Między bajki trzeba włożyć pogląd, że za zakupem samochodu luksusowego kryje się potrzeba ukrycia swoich deficytów albo chęć wzbudzenia u innych podziwu lub zazdrości. Ten stereotyp nie znajduje odzwierciedlenia w motywacjach naszych klientów. Na podstawie swoich obserwacji stwierdzam, że posiadanie bentleya czy lamborghini jest przede wszystkim spełnieniem marzeń i oczekiwań wynikających z zamiłowania do motoryzacji, elementem wizerunku, tak jak dobry zegarek czy idealnie skrojony garnitur.
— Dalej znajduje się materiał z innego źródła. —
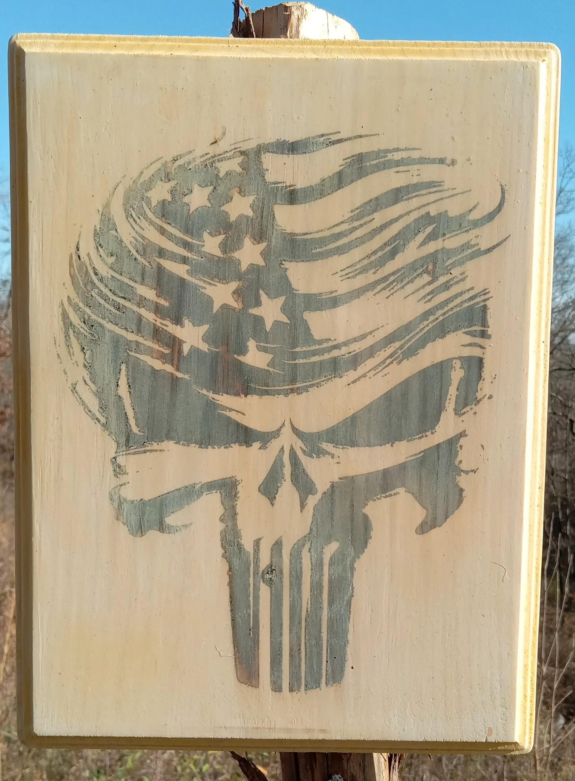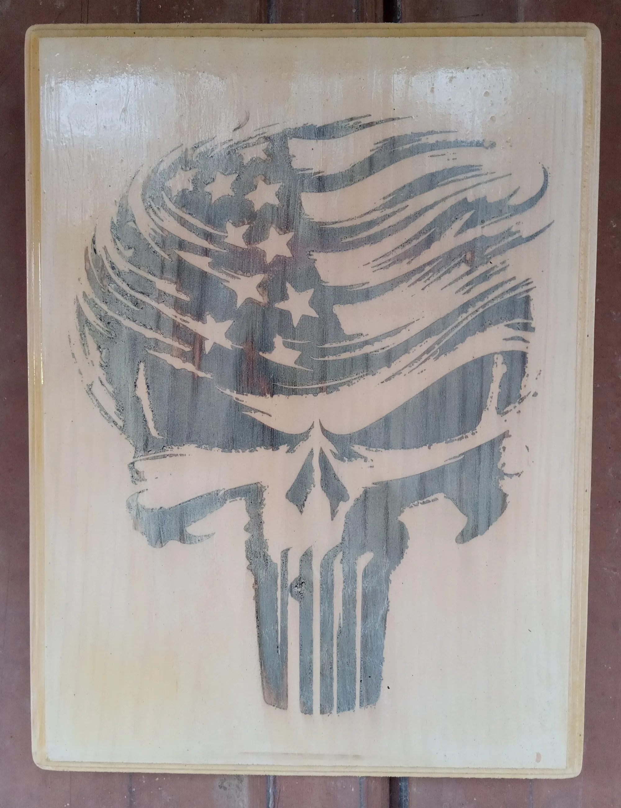 Punisher burned into white stained wood with glossy finish and hanging hardware installed.
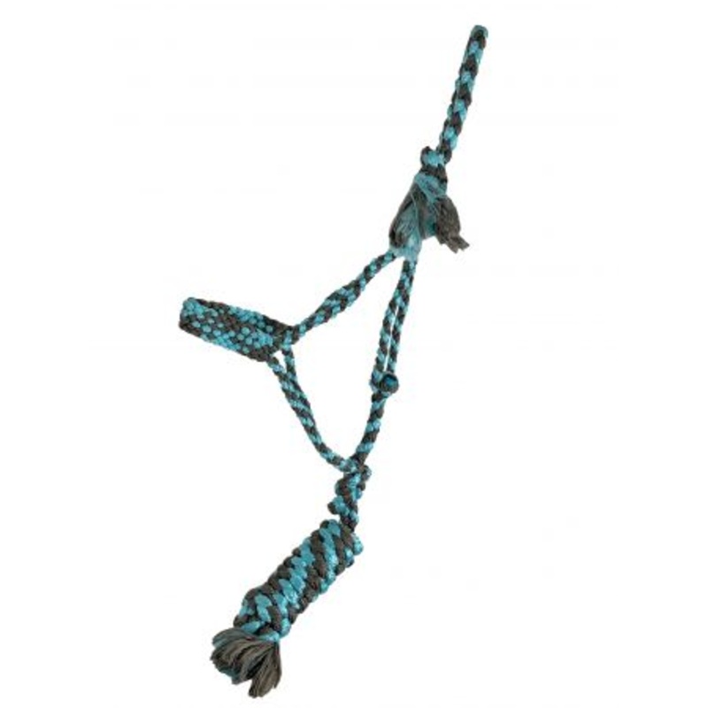 ShowmanBraided Mule Tape Halter. This mule tape style halter features braided brown and light blue with an attached 8' lead.Proposition 65 Warning for California Residents.*Please note each computer monitor will display colors differently.
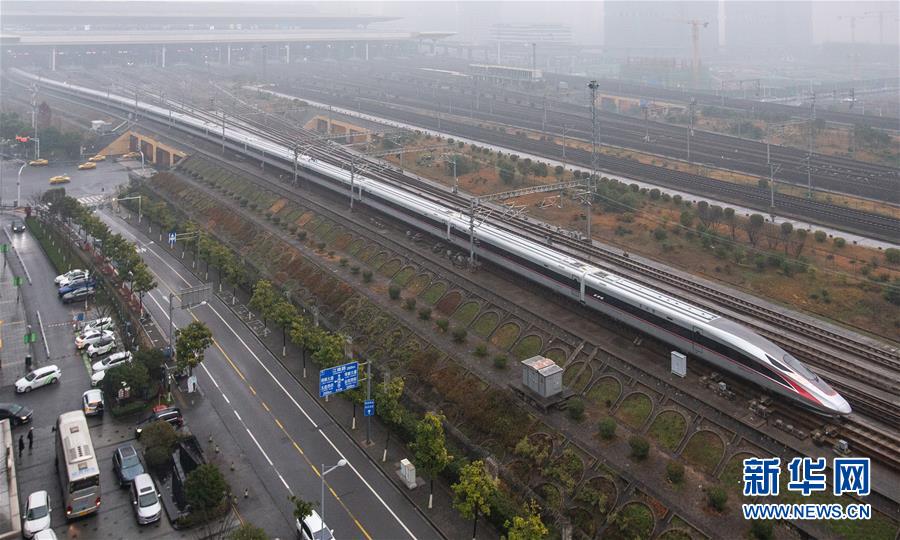 1月5日,超長(zhǎng)版時(shí)速350公里“復(fù)興號(hào)”G9次動(dòng)車(chē)組駛?cè)氡本┠险尽P氯A社發(fā)(陳曉根 攝)
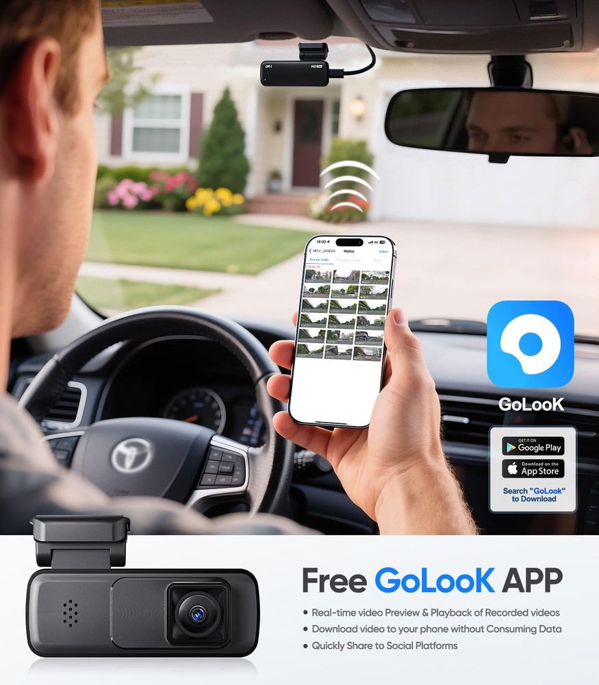 dash cam, dash cam front and rear, dash camera for cars, dashcam, car camera, camara de seguridad para carro, dash camera, mini dash cam, car dash cam, dash cam front, wireless dash cam, dash cam front and rear wireless, camera for car, camara para carro delantera y trasera, dashcams for cars, car camera wireless, dash cam for cars, dash cam wifi, dash cam car, mini camera 【2K HD Camera & Wide Angle】DR-1 dash cam capturing 2K(1296P@30fps) front videos. This driving recorder enhances your ability to clearly read road signs, Car license plate and critical details, delivering both heightened driving enjoyment and superior safety. Equipped with a 170° ultra-wide front camera, it significantly expands your field of view. 【Ultra-Compact & Stealthy Design】The DR-1 mini dash cam features a hidden design with dimensions:3"(L) x 1"(W) x 0.6"(H). This might be the smallest mini-type dash cam you've ever seen – comparable to a lighter in size. Its discreet installation allows full concealment behind rearview mirrors, remaining completely undetectable. 【Wireless WiFi & APP Control】The DR-1 Wireless dash cam features an enhanced Wi-Fi module for rapid data transfer, enabling smooth video previews, downloads, and sharing. Via the GoLook APP on your smartphone, effortlessly access recordings, watch live feeds, configure settings, and share clips on social media or with family in one tap. 【G-Sensor & Loop Recording】The DR-1 dashcam features a high-performance 3-axis G-Sensor with enhanced sensitivity. Upon collision, it automatically locks and saves real-time footage as critical evidence. When storage fills, loop recording overwrites oldest files while its innovative technology eliminates video gaps and key frame loss, ensuring seamless video continuity for reliable evidence preservation. 【24/7 Parking Surveillance】The DR-1 dash cam for Cars supports continuous parking monitoring. After engine shutdown, it automatically initiates time-lapse recording at 1 frame per second (1fps). Requires hardwire kit (Purchase ASIN: B0F8QMWB7Q) for power supply. 【Easy Installation & Includes 32G Card】 This car camera installs effortlessly—just plug into your vehicle's power port for instant operation. With a high-speed 32GB U3 microSD card pre-installed, you gain immediate recording capability and exceptional value right out of the box. 【Voice Guidance System】This car camera wireless delivers intelligent voice prompts that instantly notify you of its operational status. Clear vocal alerts enable real-time awareness and prompt necessary actions – all without visual distraction. 【Reliable Service Support】We guarantee free replacement of any product with quality issues within 6 months, and offer repair services and lifetime technical support within 1 year. We provide dedicated after-sales support via phone/email, with professional customer service staff available for immediate communication. All emails will be replied to within 12 hours.
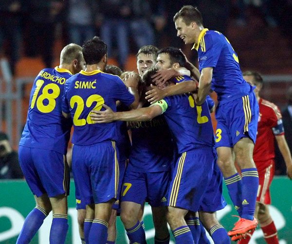 El equipo de Múnich llegó a tener una posesión de balón de hasta el 80 por ciento en los primeros cuarenta y cinco minutos, atacando y metiendo un balón tras otro al área, y buscó sin éxito hasta el final, a pesar de los dos goles del Bate y el tercero, obra de Mozolevski en el descuento.

Niekiedy też wypływa z pragnienia dołączenie do społeczności złożonej z właścicieli aut określonej marki.
Panuje również przekonanie, że inwestycja w supersamochód łączy się z kryzysem wieku średniego.
Kto chce, niech wierzy. Z mojego doświadczenia wynika, że osoby decydujące się na zakup takiego auta są coraz młodsze. Nie dość tego, wzrost zainteresowania luksusowymi markami motoryzacyjnymi odnotowujemy u młodych kobiet. Średnia wieku naszych klientów systematycznie się obniża. Dzisiaj mówimy już o grupie 30-latków, która poważnie rozważa zakup bentleya czy lamborghini.
Jak określiłby pan waszą grupę docelową?
To przede wszystkim motoryzacyjni hobbyści, zamożni właściciele lub właścicielki firm. Tak jak wspomniałem – coraz częściej kobiety.